Linear Realisability and Implicative Algebras
Alexandre Lucquin, Luc Pellissier, Thomas Seiller
TL;DR
This work formalizes a deep link between linear realizability models (as studied in geometry of interaction, ludics, and interaction graphs) and Kleene/Krivine realizability by embedding linear realizability into Miquel’s implicative algebras. It shows that linear realizability models naturally yield linear implicative algebras, and develops a robust interpretation of multiplicative, additive, and exponential fragments within this framework, including quotient constructions and a fixpoint-based exponentials approach. By connecting linear realizability to tripos-to-topos constructions and topos theory, the paper suggests a path toward a linear tripos and a decomposition of logical and categorical structures across intuitionistic and classical realizability. The results unify several realizability traditions and offer a structured method to analyze and extend linear realizability models across a broad logical spectrum, with potential applications to semantic decompositions of models in set theory and beyond.
Abstract
Realizability, introduced by Kleene, can be understood as a concretization of the Brouwer-Heyting-Kolmogorov (BHK) interpretation of proofs, providing a framework to interpret mathematical statements and proofs in terms of their constructive or computational content. Over time, this concept has evolved through various extensions, such as Kreisel's modified realizability or Krivine's classical realizability. Parallel to these developments, Girard's work on linear logic introduced another perspective, often seen as another concrete realization of the BHK interpretation. The resulting constructions, encompassing models like geometry of interaction, ludics, and interaction graphs, were recently unified under the term linear realizability models to stress the intuitive connection with intuitionnistic and classical realizability.
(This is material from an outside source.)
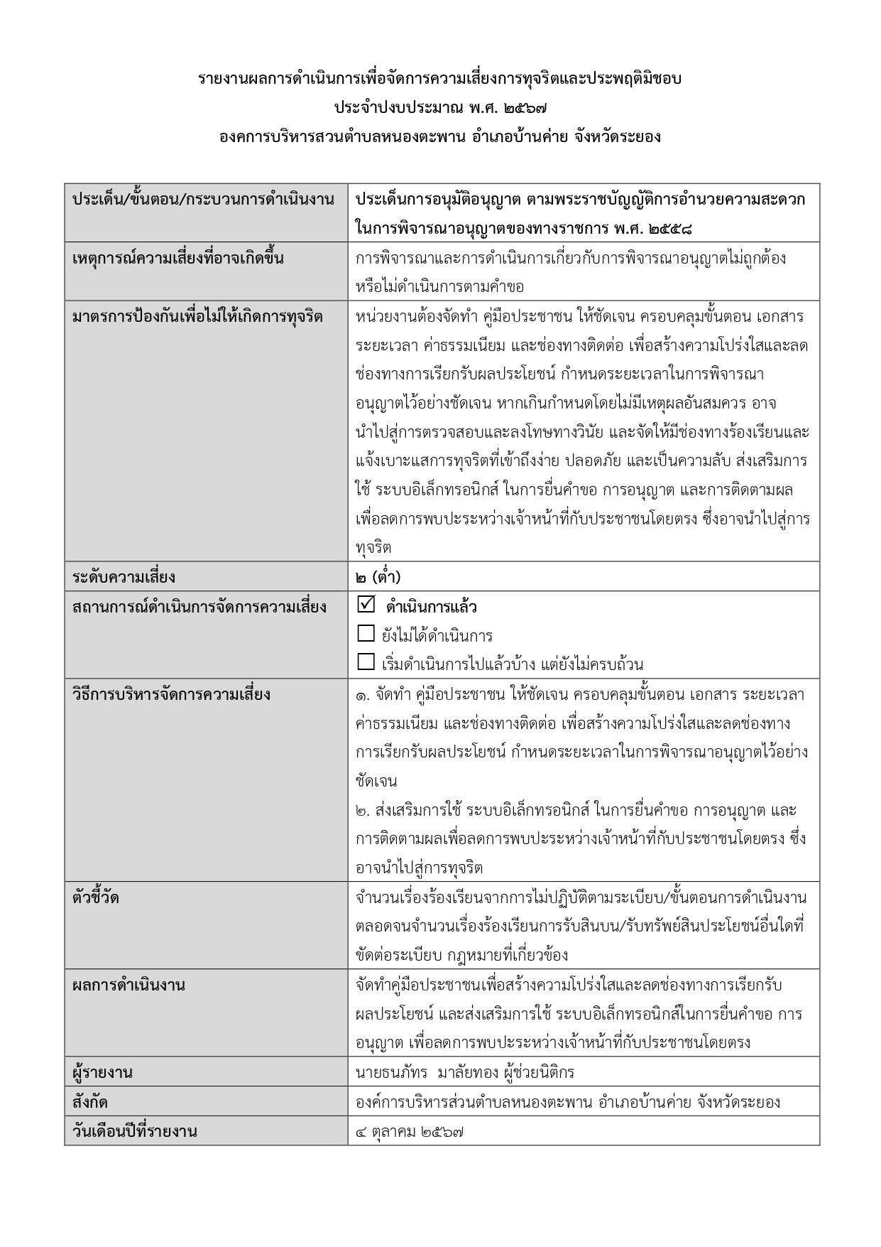 รายงานผลการประเมินความเสี่ยงการทุจริตในประเด็นที่เกี่ยวข้องกับสินบนประจำปีงบประมาณ พ.ศ. 2567 4 ต.ค. 2567 165 ครั้ง

The present work establishes for the first time a formal link between linear realizability models and the realizability constructions of Kleene and Krivine. Our approach leverages Miquel's framework: just as linear logic can be viewed as a decomposition of intuitionistic and classical logic, we propose a linear decomposition of implicative algebras and show that linear realisability models provide concrete examples of such decompositions.